**⭐ 1. What This Pattern Solves**

Removes duplicate rows or keeps only the latest record per key. Critical for Silver/Gold tables where each entity should be unique.

Use cases:

Keep latest transaction per CustomerID

Remove duplicate logs before analytics

Ensure unique users in a dataset

Deduplicate based on timestamp or version

**⭐ 2. SQL Equivalent**

In [0]:
%sql
-- Simple deduplication
SELECT DISTINCT CustomerID, OrderDate, Amount
FROM Orders;

-- Keep latest per customer
SELECT *
FROM (
    SELECT *, ROW_NUMBER() OVER (PARTITION BY CustomerID ORDER BY OrderDate DESC) AS rn
    FROM Orders
) t
WHERE rn = 1;

**⭐ 3. Core Idea**

Two main approaches:

Simple deduplication: dropDuplicates(subset=[...]) removes exact duplicates.

Windowed deduplication: Use row_number() over a window to keep the latest or highest-priority row per group.

**⭐ 4. Template Code (MEMORIZE THIS)**

In [0]:
from pyspark.sql.window import Window
from pyspark.sql import functions as F

# 1. Simple deduplication
df.dropDuplicates(subset=["col1", "col2"])

# 2. Windowed deduplication (keep latest)
window_spec = Window.partitionBy("col1").orderBy(F.desc("col2"))
df.withColumn("rn", F.row_number().over(window_spec)) \
  .filter("rn = 1") \
  .drop("rn")

**⭐ 5. Detailed Example**

In [0]:
data = [
    ("Alice", "2025-01-01", 100),
    ("Alice", "2025-01-01", 100),  # duplicate
    ("Alice", "2025-01-02", 150),
    ("Bob", "2025-01-01", 200)
]

df = spark.createDataFrame(data, ["Customer", "Date", "Amount"])

# Simple deduplication
deduped_simple = df.dropDuplicates(["Customer", "Date", "Amount"])
deduped_simple.show()

# Windowed deduplication (keep latest Date per Customer)
window_spec = Window.partitionBy("Customer").orderBy(F.desc("Date"))
deduped_window = df.withColumn("rn", F.row_number().over(window_spec)) \
                   .filter("rn = 1") \
                   .drop("rn")
deduped_window.show()

In [0]:
+--------+----------+------+
|Customer|      Date|Amount|
+--------+----------+------+
|Alice   |2025-01-02|   150|
|Bob     |2025-01-01|   200|
+--------+----------+------+


**⭐ 6. Mini Practice Problems**

Drop exact duplicates in a dataset with UserID and SessionID.

Keep the latest transaction per CustomerID using window functions.
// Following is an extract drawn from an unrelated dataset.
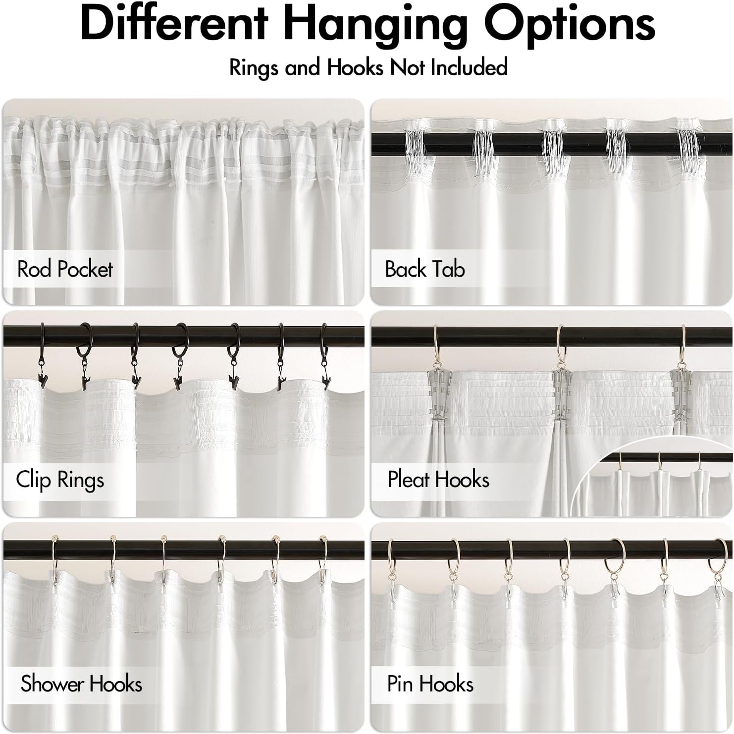- HANGING OPTIONS: Each curtain panel has 3-in-1 top style design: rod pocket, back tab and pinch pleat. Back loop (2.3 inch) and rod pocket (3.1 inch) fit most standard rod. Curtains also can be hung with clip rings or curtain hooks. 3 ways to meet your various needs.
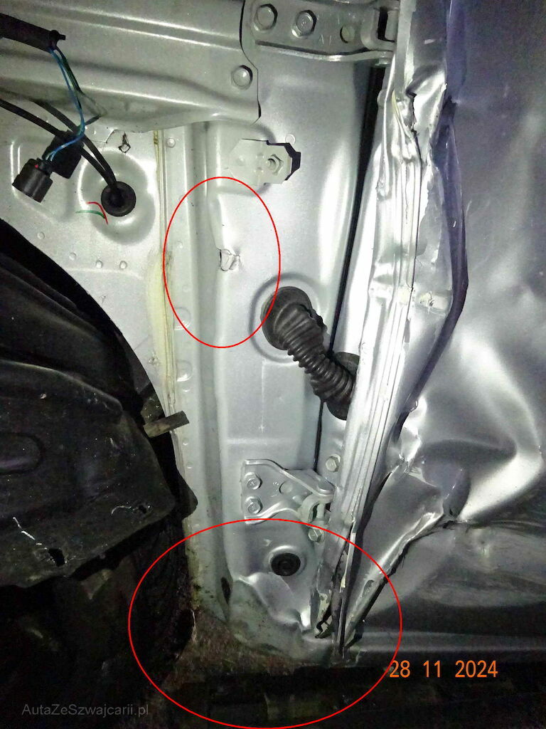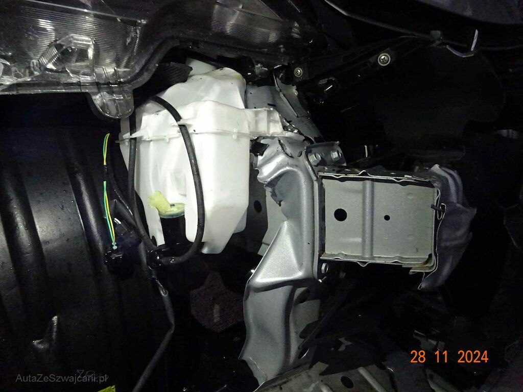 Motorhaube, Stossstange,beide Scheinwerfer, Frontblech, beide Chassisholmen, Kondensator, Kühler, Lüfter, Kotflügel, Radhaus, A- Säule, Türe v.l sind stark deformiert, Stossstange h.l ist gerissen

Deduplicate Product table to keep the highest version number per product.

**⭐ 7. Full Data Engineering Problem**

Scenario: Bronze sales dataset has CustomerID, OrderDate, Amount.

Requirement: Silver table with latest order per customer for analytics.

Steps:

Read Bronze dataset.

Remove exact duplicates using dropDuplicates if necessary.

Define window by CustomerID ordered by OrderDate DESC.

Keep row_number() = 1.

Write Silver table to Delta for downstream reporting.

This mirrors production pipelines where deduplication ensures data integrity in aggregated tables.

**⭐ 8. Time & Space Complexity**

dropDuplicates: O(n), requires shuffle if subset has many columns.

Windowed deduplication: O(n) per partition; depends on partition size; requires memory for ordering.

**⭐ 9. Common Pitfalls**

Using dropDuplicates without specifying subset → may remove unintended rows.

Forgetting orderBy in window → may keep wrong “latest” record.

Not caching large datasets → recomputation cost for multiple window functions.

High-cardinality partitions → memory pressure in windowed deduplication.